The company is currently trading at 10.63X forward 12-month earnings, below its five-year median of 20.55X and the industry average of 13.18X. This suggests the stock is undervalued, potentially reflecting cautious investor sentiment or market concerns about its near-term performance.

ACHC’s Earnings Estimates Moving Down

Reflecting the negative sentiment around Acadia Healthcare, the Zacks Consensus Estimate for earnings per share has seen downward revisions. The consensus estimate for 2024 adjusted earnings for ACHC is currently pegged at $3.42 per share, indicating a 0.6% year-over-year decline.

Zacks Investment Research
Zacks Investment Research

Image Source: Zacks Investment Research

More Headwinds

The company has lowered its 2024 financial outlook. Revenue projections were reduced to $3.15–$3.165 billion from the earlier range of $3.18–$3.225 billion. Adjusted EBITDA guidance was also cut to $725–$735 million, down from $735–$765 million.

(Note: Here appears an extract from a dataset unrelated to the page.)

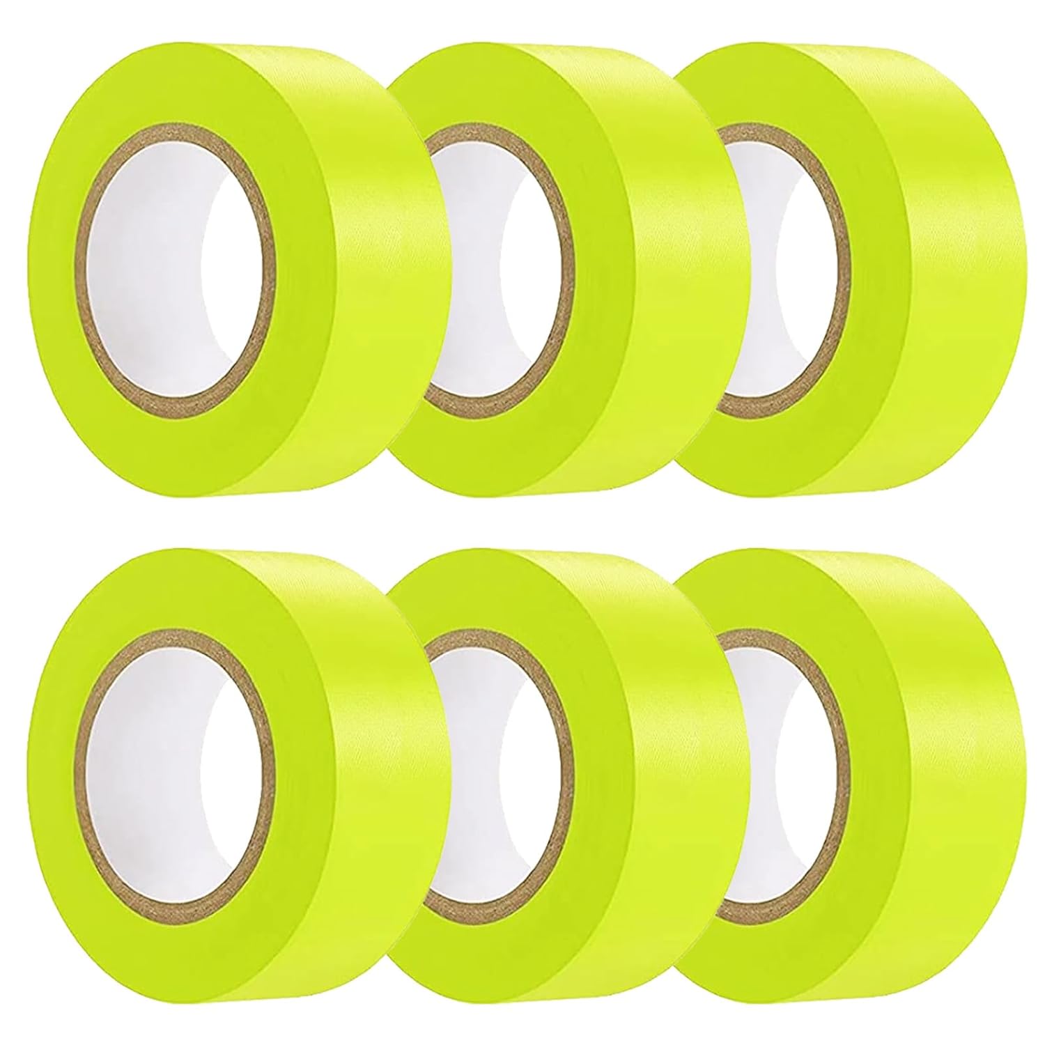6 Pack Yellow Flagging Tape, Non-Adhesive Plastic Ribbon Neon Marking Roll, 1inch*600ft, Marking Tape for Tree Marking, Hunting, Boundaries and Hazardous Areas,Trail Marking

Acadia Healthcare’s return on invested capital of 8.55X is lower than the industry average of 12.89X, suggesting that the company is less efficient at generating returns from its investments relative to its peers. Apart from competitive disadvantages, the stock is also facing increasing expenses.

Total expenses increased by 7% year over year in 2021, 9.7% in 2022 and 32.1% in 2023, primarily due to higher salaries, wages and benefits. We expect salaries, wages and benefits to jump 7% year over year in 2024 to more than $1.68 billion. Our estimates for professional fees and supplies suggest 9.2% and 5.6% year-over-year growth in 2024, respectively. With growing utilization, the company’s related costs will increase in the days ahead.